The Wall Street Journal recently reviewed Allan Horwitz's book, "DSM: A History of Psychiatry's Bible", which claims that 'DSM', the Diagnostic and Statistical Manual of Mental Disorders, is a 'social creation', as in: what real science is behind it? It turns out--surprise, surprise-- none! Unlike medicine, physics, math, etc. which are subject to objective verification, 'mental illness' is whatever the shrinks say it is--and that seems why the book's title reads, 'psychiatry's Bible': a holy book for a secular profession comprised by a majority of atheists. And just as the Bible changes, with both homosexuality and heterosexual adultery punishable by death by stoning in the Old Testament but in the New Testament Jesus turns that completely around by mandating forgiveness, so too not so long ago the DSM deemed being gay a mental illness. Science based medicine/surgery has done wonders in treating the body's illnesses but mental illness seems to be surging in spite of all the drugs available. My guess is because--as I experienced 50 years ago, you cannot heal the mind without healing the soul. Of course if you do not think you have a soul that sounds like nonsense--I thought that way as a young agnostic, until I tried to end the living hell of a major clinical depression where you largely stop sleeping, eating, emoting until your nerves are shot and believing death meant extinction, you throw yourself into a river--and then you discover (remember actually it seems) you have a 3rd mind besides the conscious and unconscious versions: a consciousness that unlike the brain is endless, immortal.

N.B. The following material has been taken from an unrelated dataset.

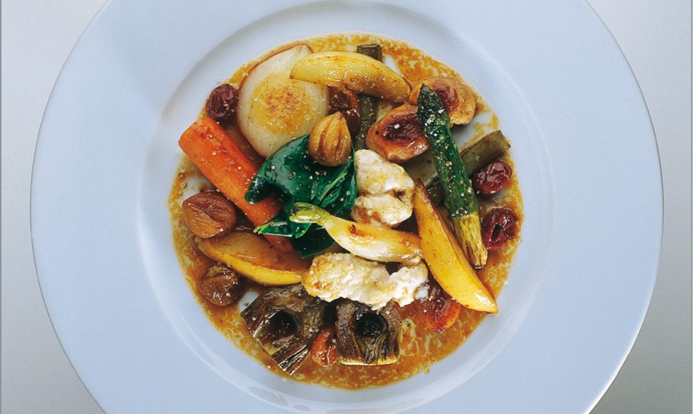 Légumes d’hiver cuisinés à l’étouffée en cocotte noire, amourettes et ris d’agneau

I had a good shrink after I left the psych ward [and a series of electroshock treatments], a good man who helped me greatly not by drugs, which I refused to take, but by talking with me and caring about me. I told him about my near-death experience but he had in college adopted atheism as his 'religion' [and it is a faith,a matter of belief, as logic says God can no more be disproved than proven] and so I suppose he thought I had hallucinated [for a part of it I might wish he were right]. I know to this day it was not he who 'healed' me, in as much as I've never had another depression in the 1/2 century since. No, it was God, or whatever you wish to call the Being/Presence/Force that permeates the universe. We are ALL, without exception, broken beings, neurotic, selfish, sinful, lost, call it what you will. Seeking God may be the only way to heal a broken soul.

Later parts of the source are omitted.